Transcribe exactly everything in the data below from the line containing "এখন আমাদের কাজ" down to the line containing "الصف التاسع, لغة", both lines included and nothing further.

(Beginning of SOURCE RECORDS)

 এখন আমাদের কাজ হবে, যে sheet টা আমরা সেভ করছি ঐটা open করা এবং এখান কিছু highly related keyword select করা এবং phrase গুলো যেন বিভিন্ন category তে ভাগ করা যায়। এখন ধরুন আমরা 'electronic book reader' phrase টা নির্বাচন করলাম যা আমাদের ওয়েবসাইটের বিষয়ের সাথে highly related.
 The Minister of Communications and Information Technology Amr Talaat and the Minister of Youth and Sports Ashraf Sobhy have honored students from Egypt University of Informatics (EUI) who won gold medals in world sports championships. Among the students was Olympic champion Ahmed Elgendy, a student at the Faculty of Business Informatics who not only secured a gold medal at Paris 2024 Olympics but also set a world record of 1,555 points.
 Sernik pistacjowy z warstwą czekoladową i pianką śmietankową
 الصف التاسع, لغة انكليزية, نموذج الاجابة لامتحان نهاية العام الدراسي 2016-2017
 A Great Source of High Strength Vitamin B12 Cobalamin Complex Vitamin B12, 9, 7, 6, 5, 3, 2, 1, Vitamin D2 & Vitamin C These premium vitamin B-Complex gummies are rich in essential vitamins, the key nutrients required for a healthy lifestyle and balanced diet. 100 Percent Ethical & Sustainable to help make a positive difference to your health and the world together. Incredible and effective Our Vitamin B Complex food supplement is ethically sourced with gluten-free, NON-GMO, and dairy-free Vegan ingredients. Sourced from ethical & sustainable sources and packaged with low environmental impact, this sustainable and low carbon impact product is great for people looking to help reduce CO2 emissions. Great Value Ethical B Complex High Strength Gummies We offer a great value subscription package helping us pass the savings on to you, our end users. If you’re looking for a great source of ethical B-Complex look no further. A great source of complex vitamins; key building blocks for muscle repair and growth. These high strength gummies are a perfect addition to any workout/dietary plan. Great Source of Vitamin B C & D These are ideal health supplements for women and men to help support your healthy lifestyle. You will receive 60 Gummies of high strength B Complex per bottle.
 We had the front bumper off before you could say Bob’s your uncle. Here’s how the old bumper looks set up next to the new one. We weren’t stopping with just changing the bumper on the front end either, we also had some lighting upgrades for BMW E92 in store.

(End of SOURCE RECORDS)
(Beginning of SOURCE RECORDS)

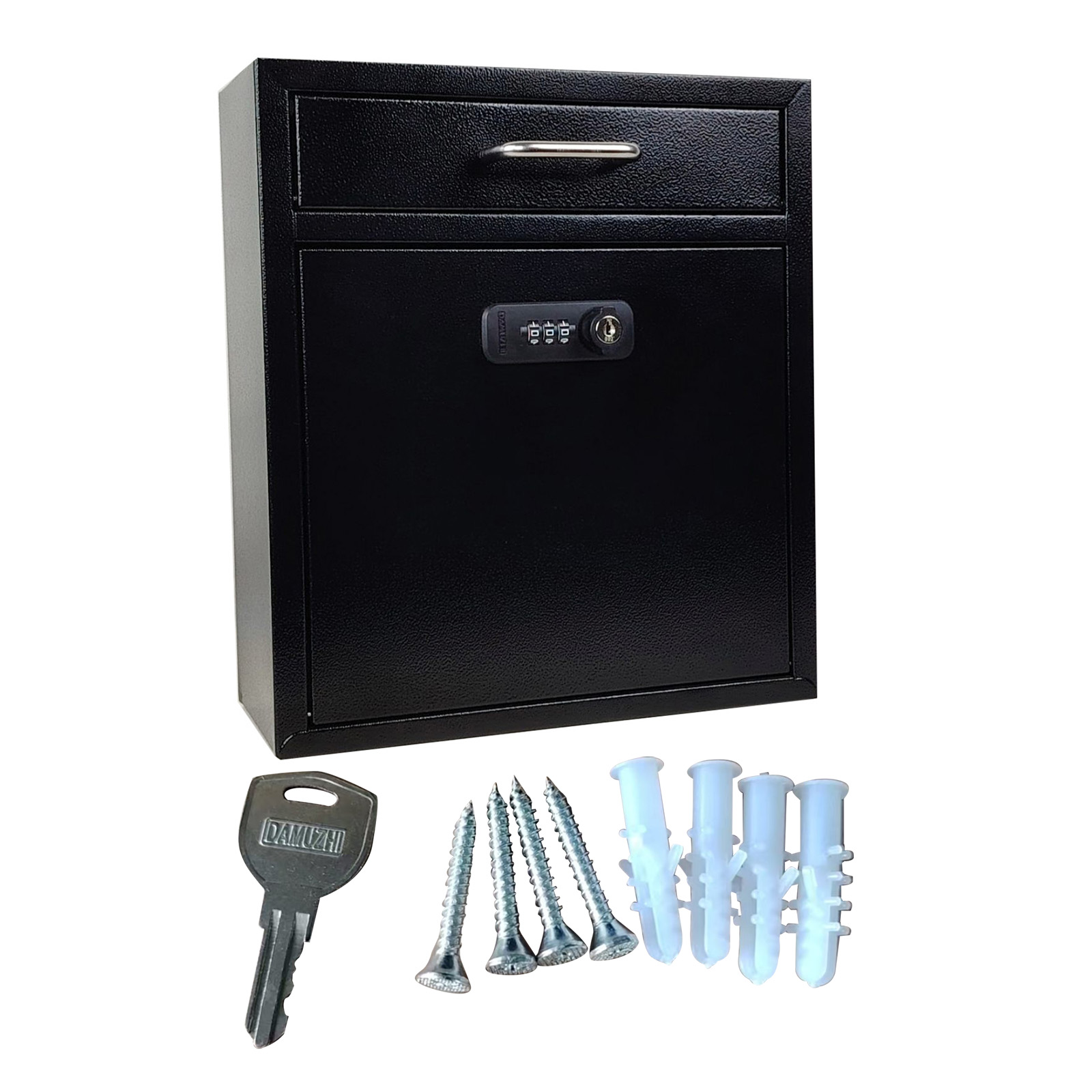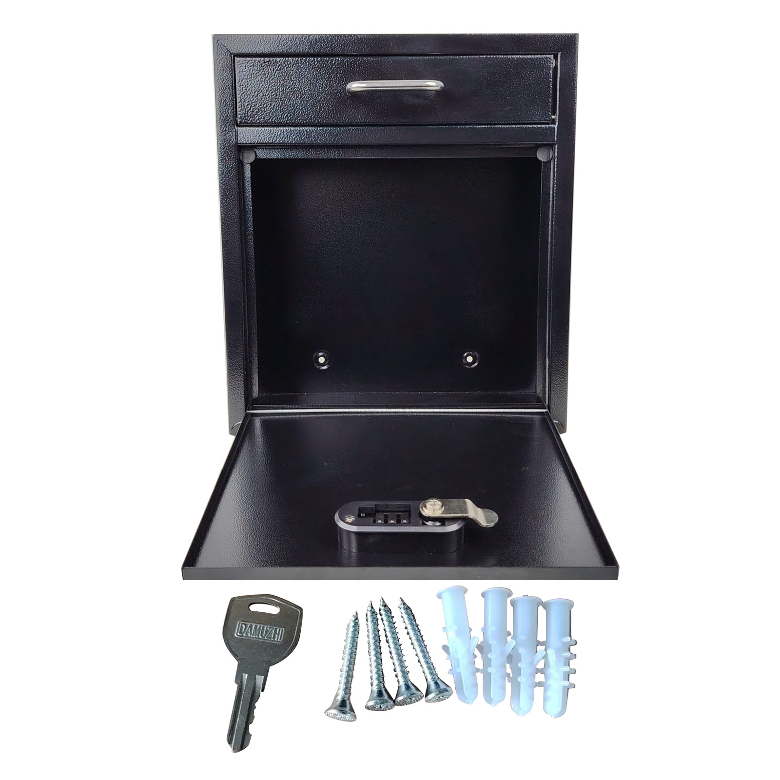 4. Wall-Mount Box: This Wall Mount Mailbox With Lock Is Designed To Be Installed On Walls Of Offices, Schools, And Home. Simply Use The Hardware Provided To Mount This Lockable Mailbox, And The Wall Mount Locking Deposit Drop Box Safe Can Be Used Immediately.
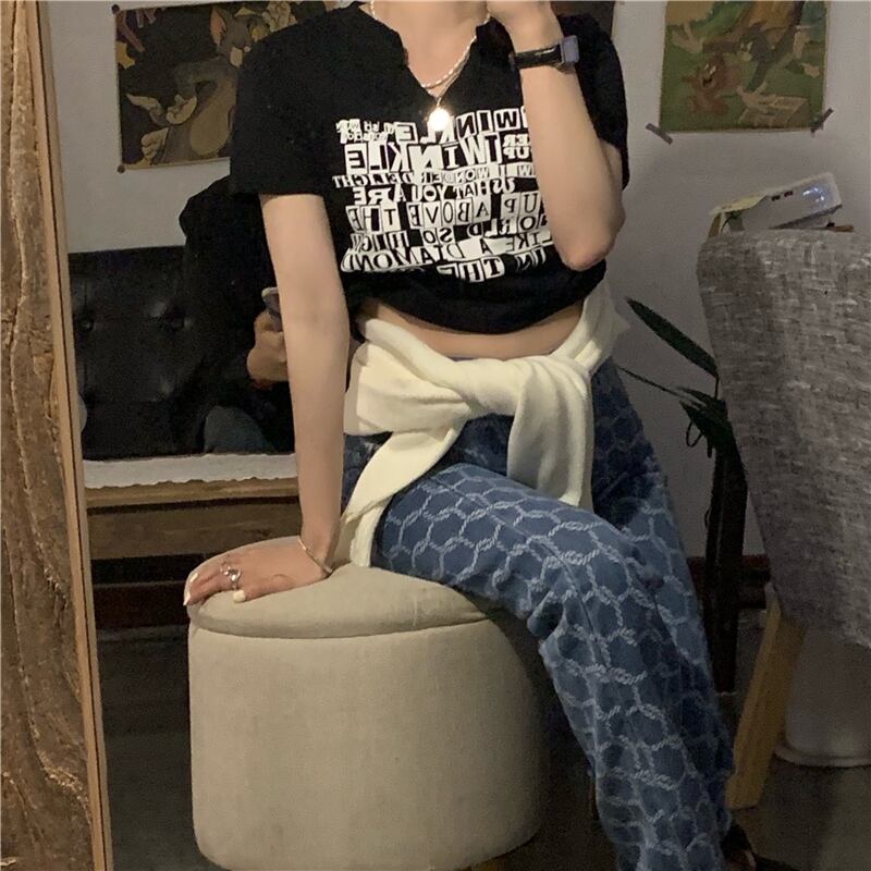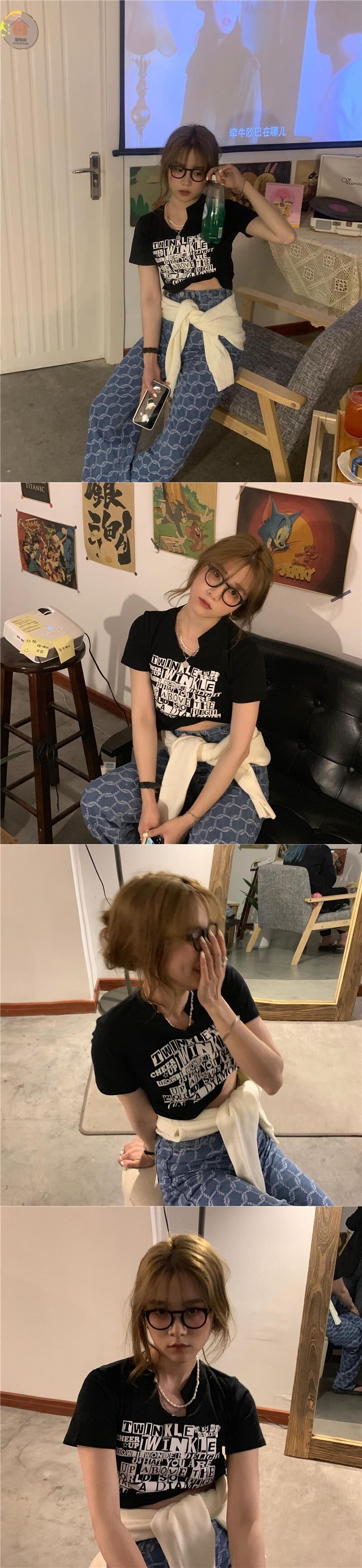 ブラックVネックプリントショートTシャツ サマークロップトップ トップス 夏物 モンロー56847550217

(End of SOURCE RECORDS)

**RESULT OF THE EXERCISE**
 এখন আমাদের কাজ হবে, যে sheet টা আমরা সেভ করছি ঐটা open করা এবং এখান কিছু highly related keyword select করা এবং phrase গুলো যেন বিভিন্ন category তে ভাগ করা যায়। এখন ধরুন আমরা 'electronic book reader' phrase টা নির্বাচন করলাম যা আমাদের ওয়েবসাইটের বিষয়ের সাথে highly related.
 The Minister of Communications and Information Technology Amr Talaat and the Minister of Youth and Sports Ashraf Sobhy have honored students from Egypt University of Informatics (EUI) who won gold medals in world sports championships. Among the students was Olympic champion Ahmed Elgendy, a student at the Faculty of Business Informatics who not only secured a gold medal at Paris 2024 Olympics but also set a world record of 1,555 points.
 Sernik pistacjowy z warstwą czekoladową i pianką śmietankową
 الصف التاسع, لغة انكليزية, نموذج الاجابة لامتحان نهاية العام الدراسي 2016-2017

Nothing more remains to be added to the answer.